Его это не беспокоит. Он знает о моей неспособности заботиться о ком-либо, кроме моей кузины. Она — единственный человек, который может вырвать у меня хоть каплю эмоций. Все остальные, даже Корган, не имеют значения. Это не значит, что он мне не нравится. Я бы перерезала горло тому, кто посмел бы ему угрожать. Когда речь заходит о Коргане, я испытываю странную... нежность, но дальше этого дело никогда не заходит.

Он — это он, а я — это я.

Я качаю головой и вырываюсь из его объятий. Не хочу знать о своем противнике. Меня не волнует история его жизни, есть ли у него семья или он бездомный. Мне все равно. Я лучше пойду в бой вслепую. Я против него. Давайте оставим человечность за пределами «Инферно». Знаю, кому-то хочется знать каждую деталь.
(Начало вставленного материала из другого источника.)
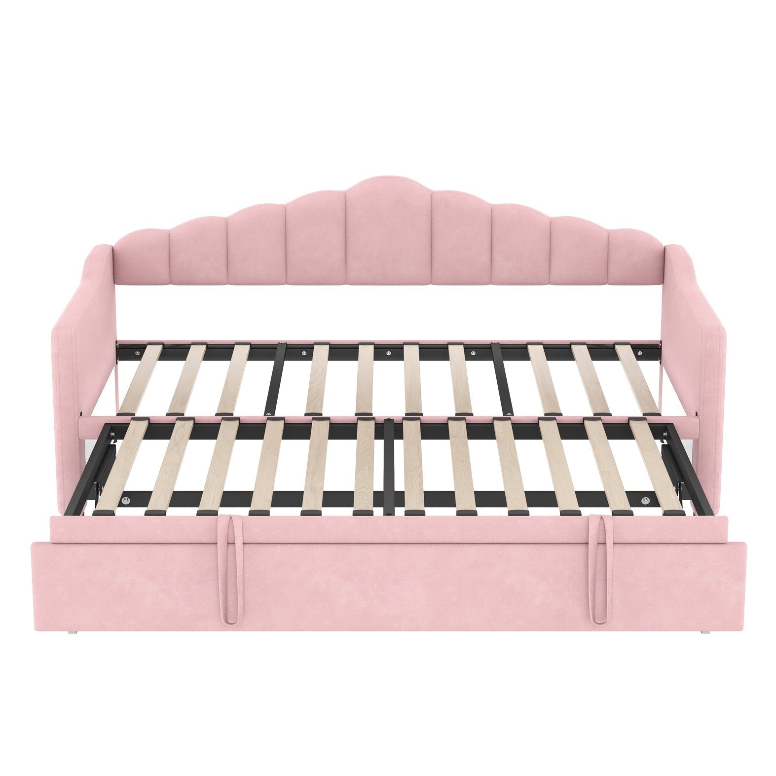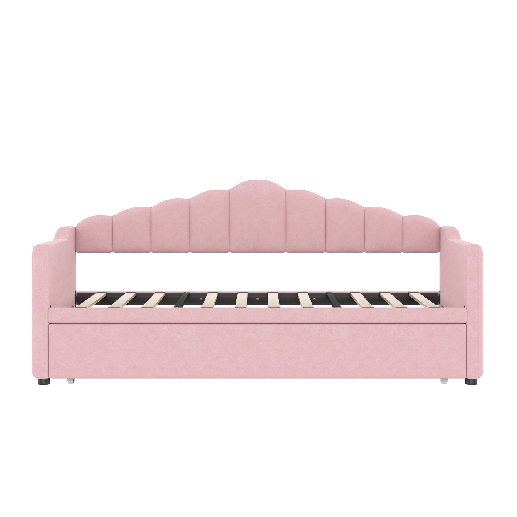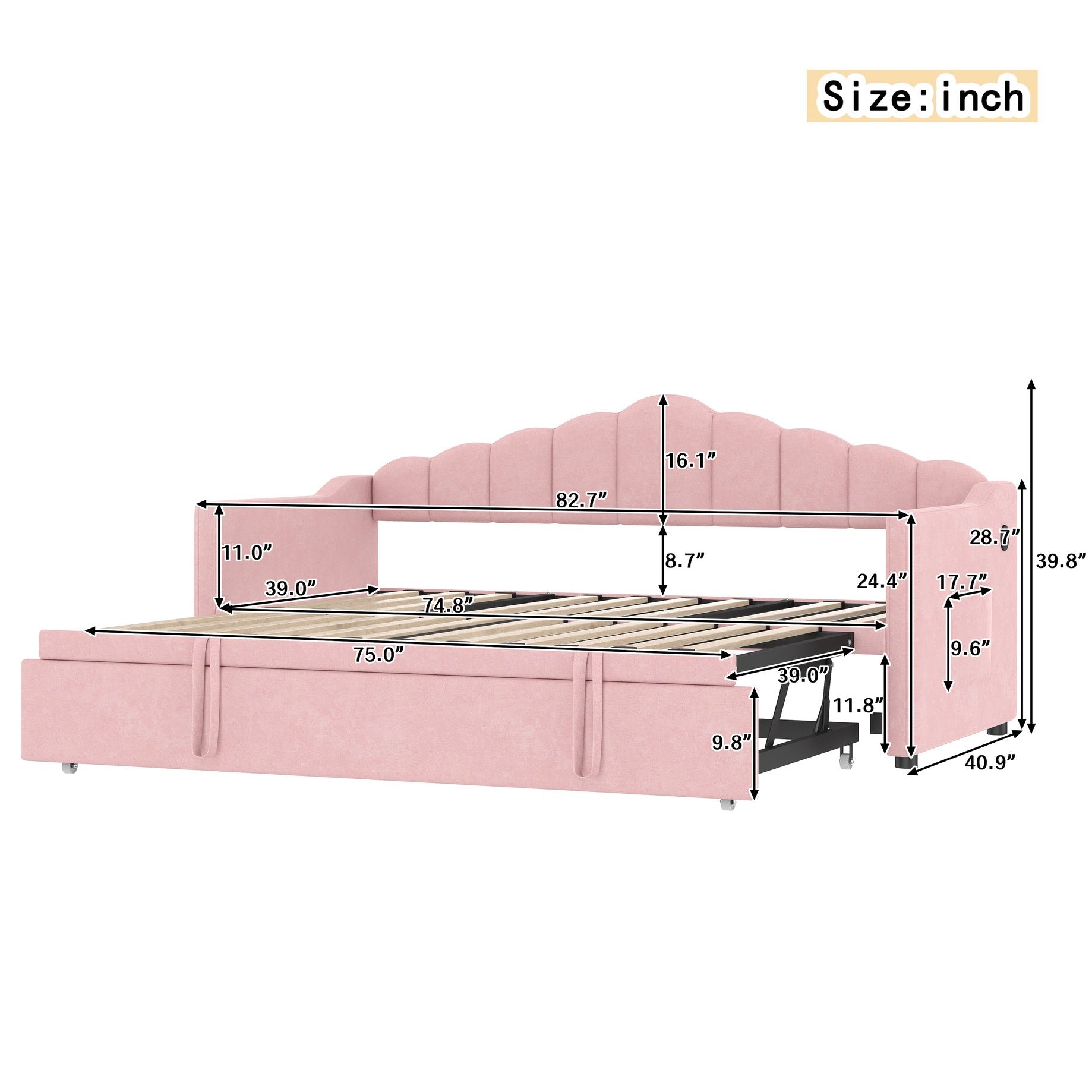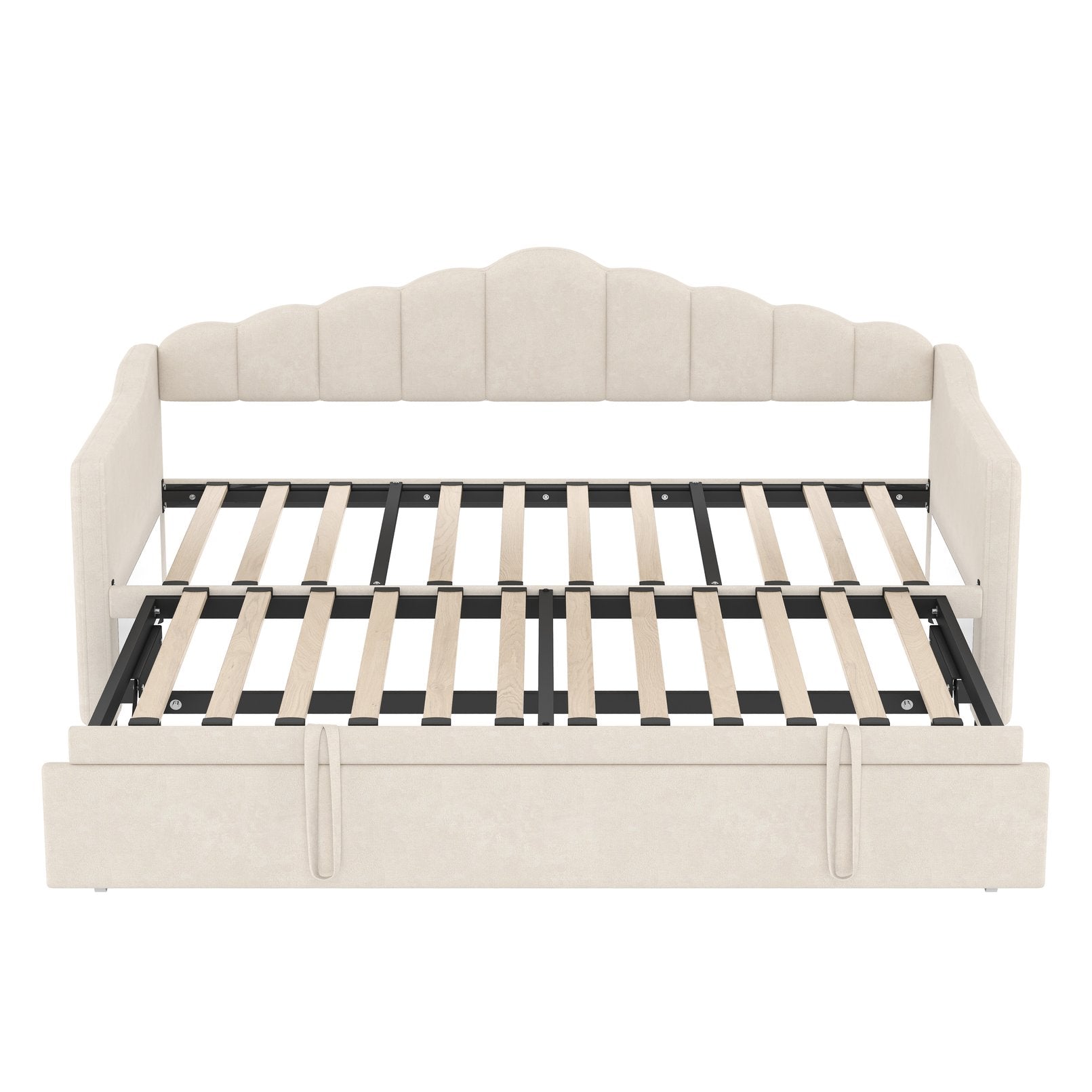 - 1.Daybed with Pop Up Trundle: This twin size daybed comes with a pull-out pop-up twin trundle that easily converts into an extra sleeping space for guests or siblings. The trundle is designed with an adjustable height feature, allowing it to align with the daybed to create a larger, seamless sleeping surface or function as a separate bed when needed. It's a practical and space-saving solution for any bedroom or guest room.

Рост, вес, статистика, где, блядь, он родился и когда. Я не хочу знать. Никаких подробностей.

Поднырнув под канат, немного приподнимаю верхний ряд, чтобы он не зацепился за мои волосы. От многократных попыток отмыть кровь грубый мат ринга окрасился в коричневый цвет. Сейчас это просто обесцвеченный светло-серый с коричневым мат.

Слышу, как стучит в ушах мое сердце, и меня охватывает радостное возбуждение. Я уже несколько дней жду следующего боя. Выход из дома — это всегда битва. Все... непросто. Но я здесь, и наконец-то снова могу быть собой.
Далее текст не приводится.